TASK INPUT
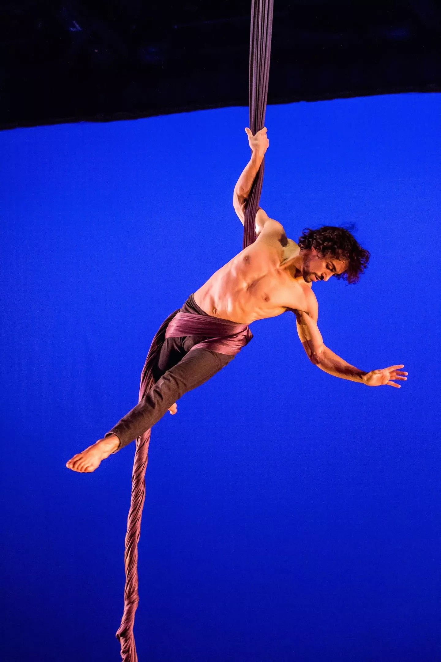 And aerial dance isn’t restricted to just the single-point dance trapeze. Most widespread are aerial silks, made of jewel-toned synthetic fabrics that dancers twist around their limbs or torsos, and lyra, in which dancers thread themselves through a hoop suspended from the ceiling. Other performers use a loop of aerial silk called a sling; the cyr wheel, a rolling hoop that spans nearly six feet in diameter; or a vertical rope known as a corde lisse that puts the vine-swinging antics of Tarzan to shame.
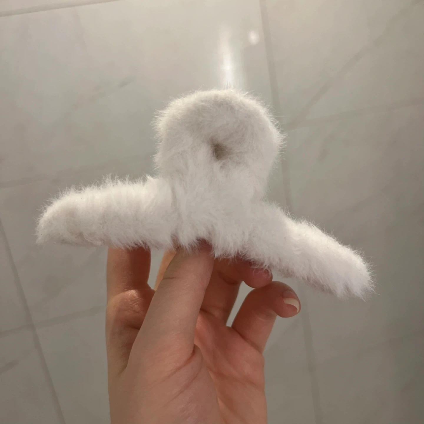 A cute white fuzzy claw clip for your hair. It's made of a soft material and has a secure grip.
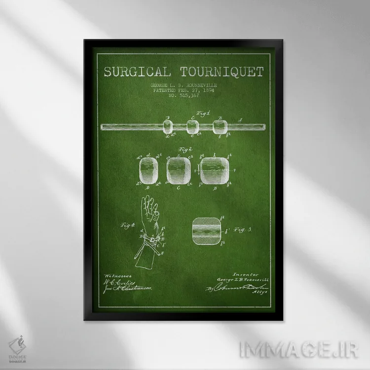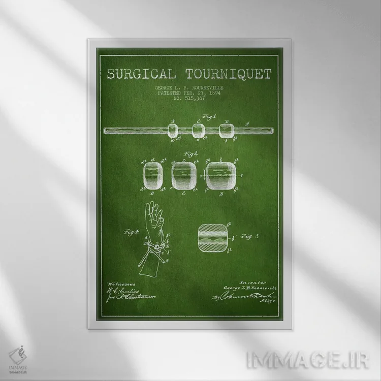 اگر دکور شما کلاسیک/رترو است، «نقشهٔ ثبت اختراع تورنیکت جراحی سبز» اثرِ «پیکسل کهنه (استودیو/نام هنری)» با سبک هنری کاملاًً مینشیند.
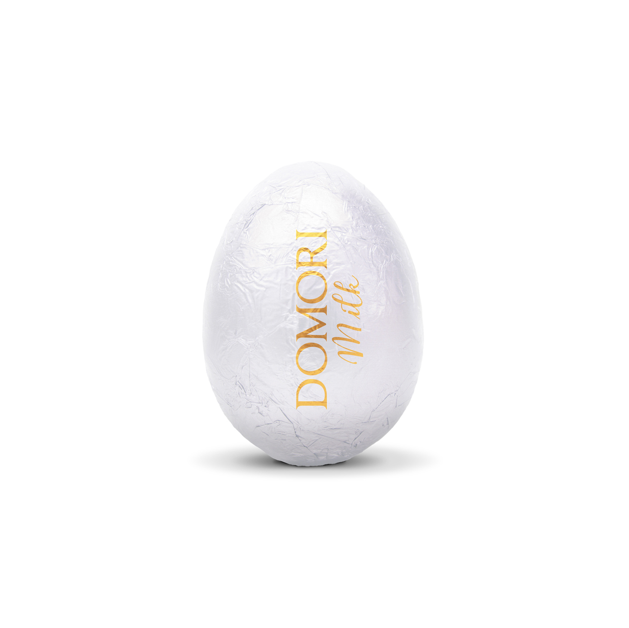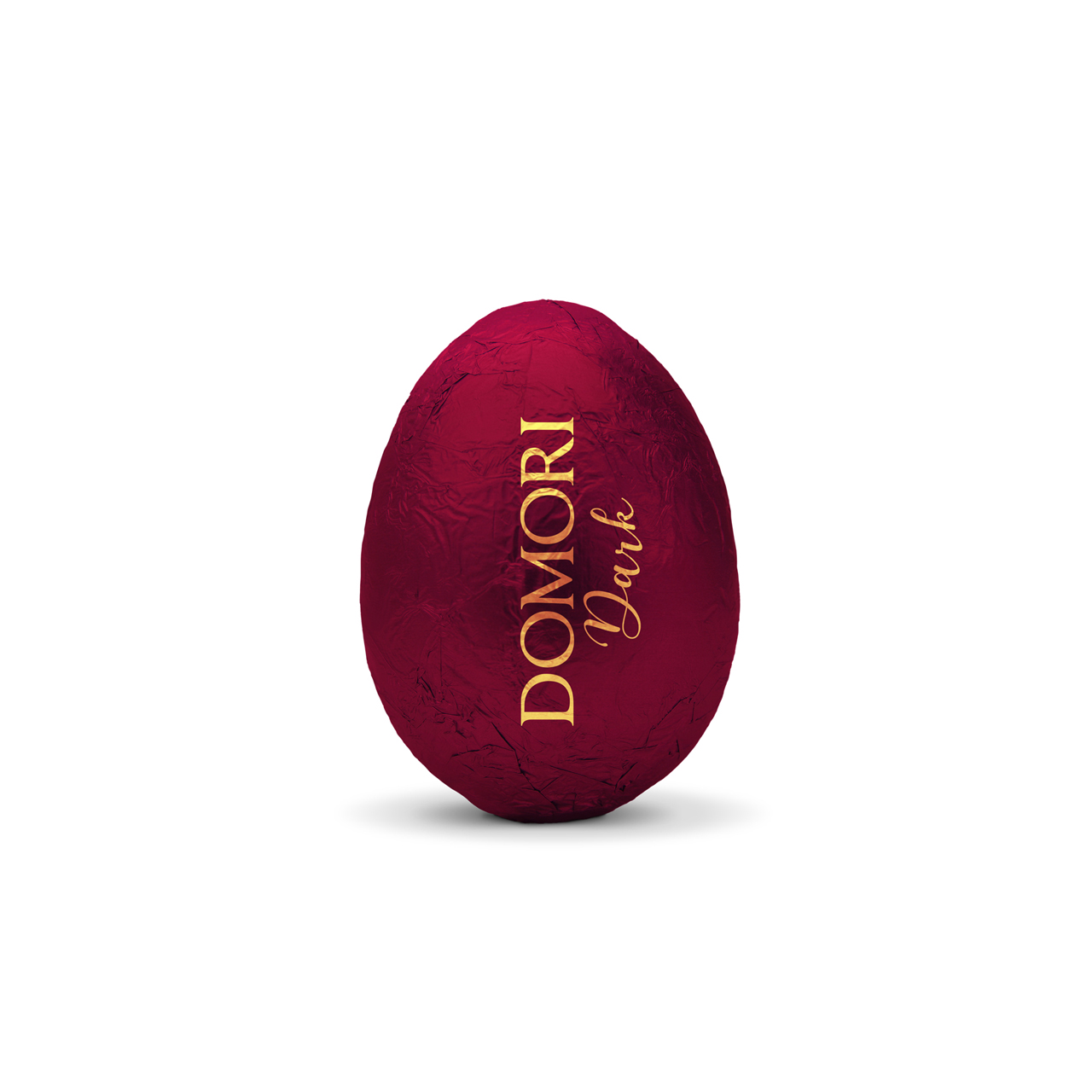 Kleine Pouch gefüllt mit Ostereiern (EB/VM) | Das kleine rosa-orange gestreifte Täschchen mit Reißverschluss ist aus Papier und ist gefüllt mit Eiern aus dunkler Schokolade mit Haselnussfüllung und Eiern aus Milchschokolade mit Gianduja-Füllung.
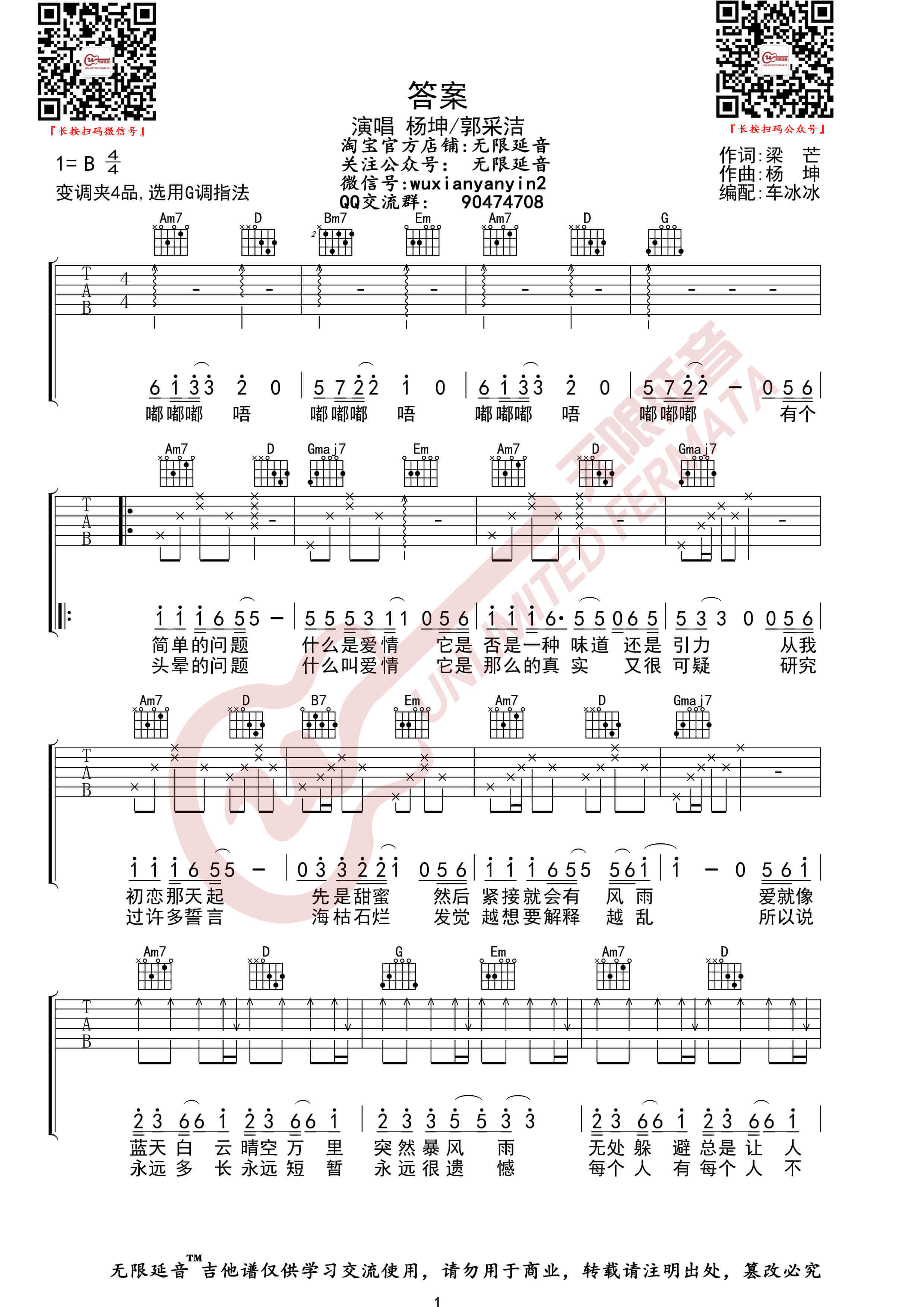 答案吉他谱 - 杨坤/郭采洁 - 吉他弹唱谱
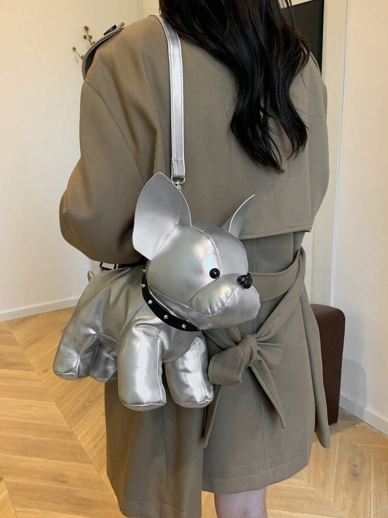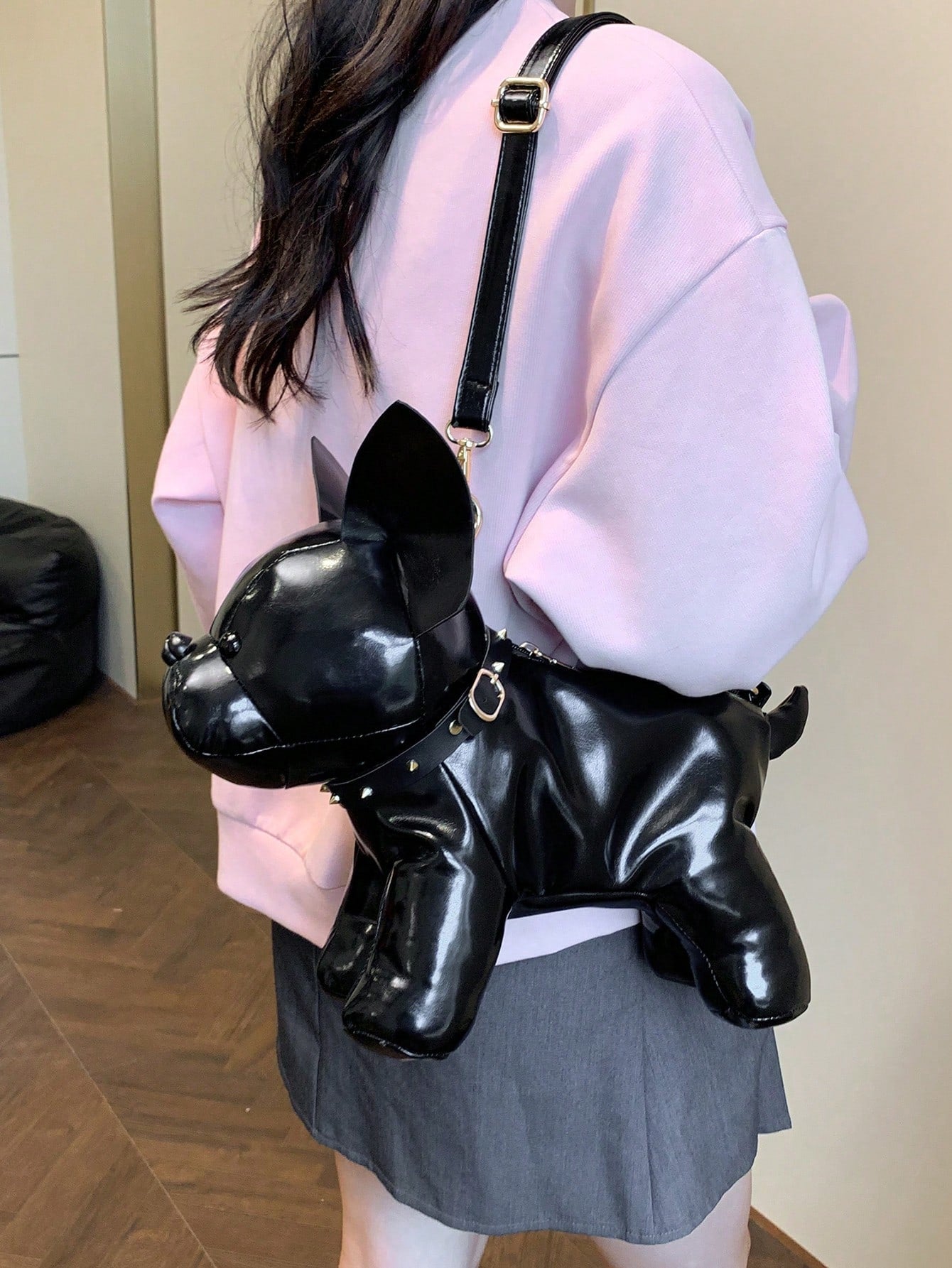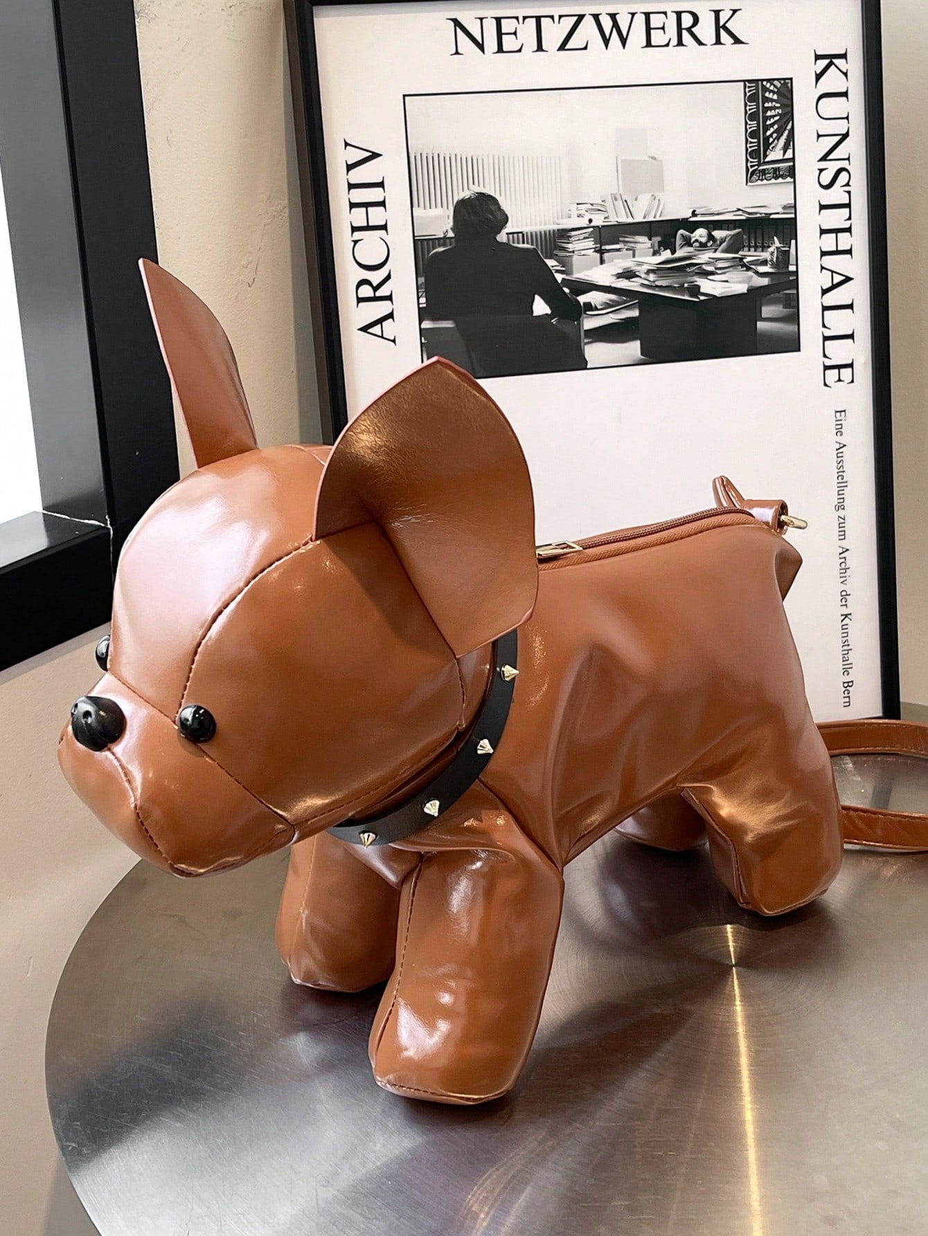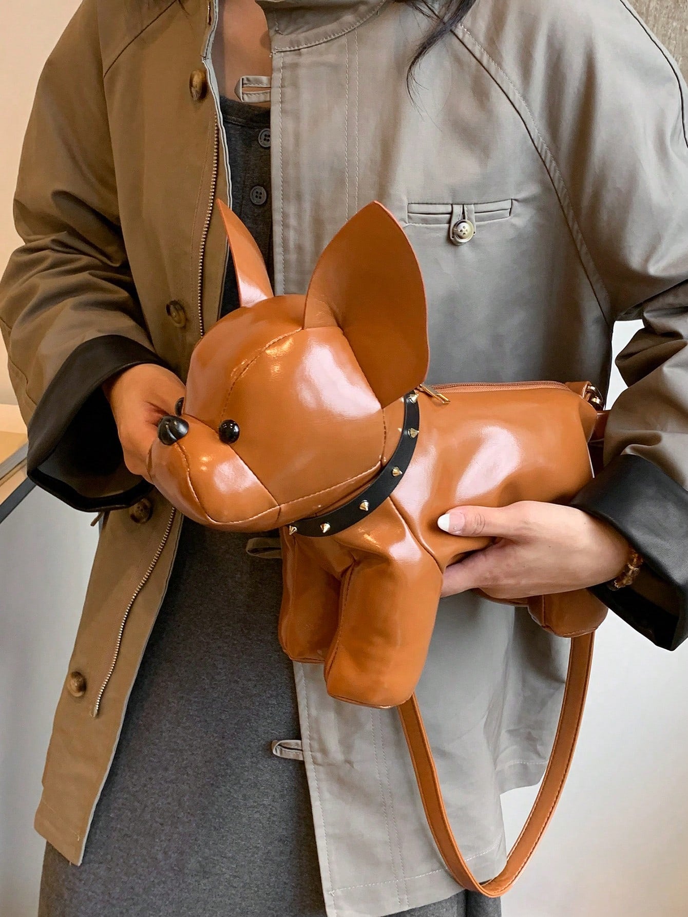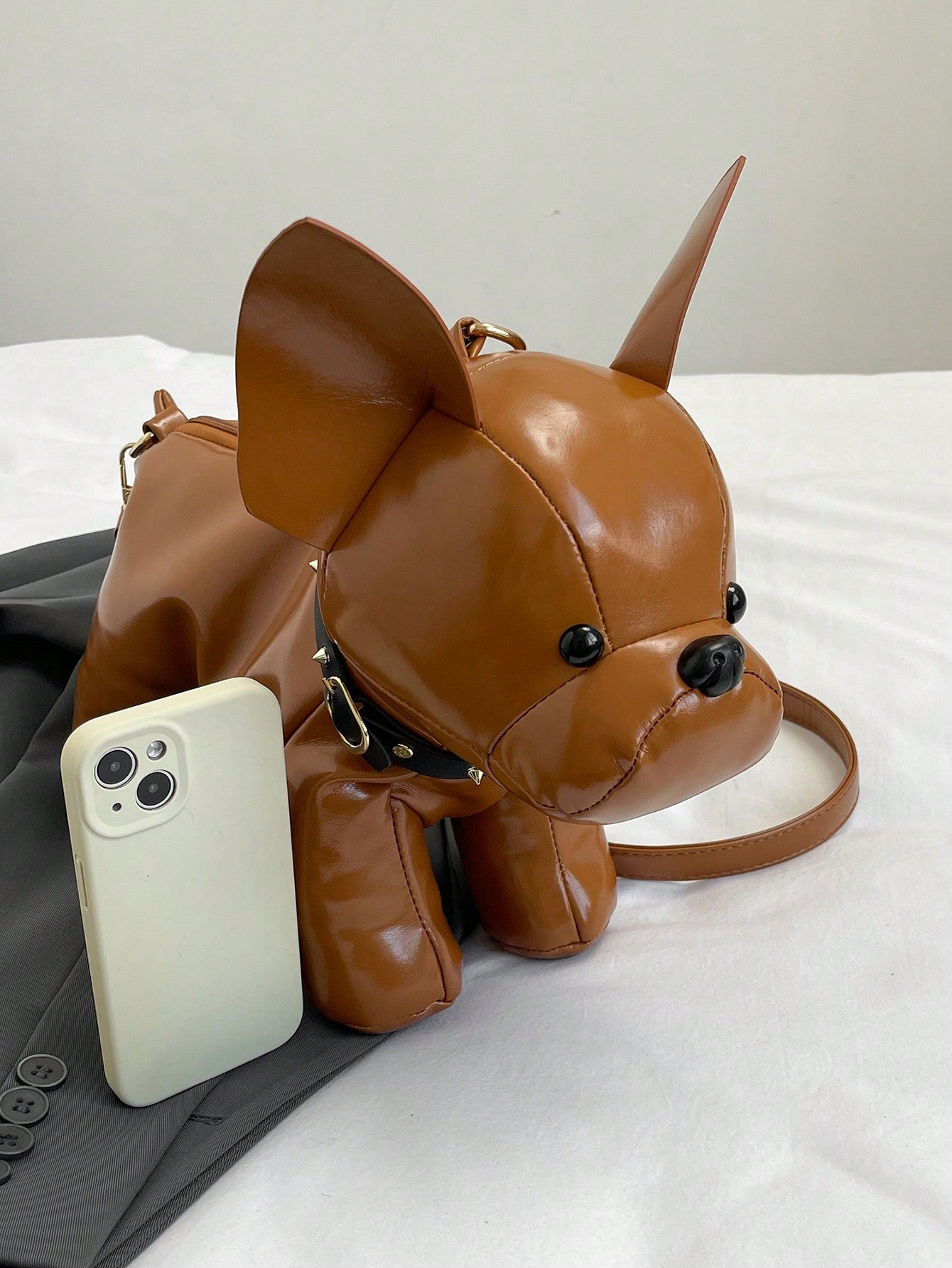 Charming Bulldog Plush Crossbody Bag - Stylish PU Leather Animal Shoulder Bag for Everyday Use

HOW TO COMPLETE THIS TASK
Produce an exact copy of only those lines that run from the line with "答案吉他谱 - 杨坤/郭采洁 - 吉他弹唱谱" to the final line of the records, including both; exclude images.

RESPONSE TO THE TASK
 答案吉他谱 - 杨坤/郭采洁 - 吉他弹唱谱
 Charming Bulldog Plush Crossbody Bag - Stylish PU Leather Animal Shoulder Bag for Everyday Use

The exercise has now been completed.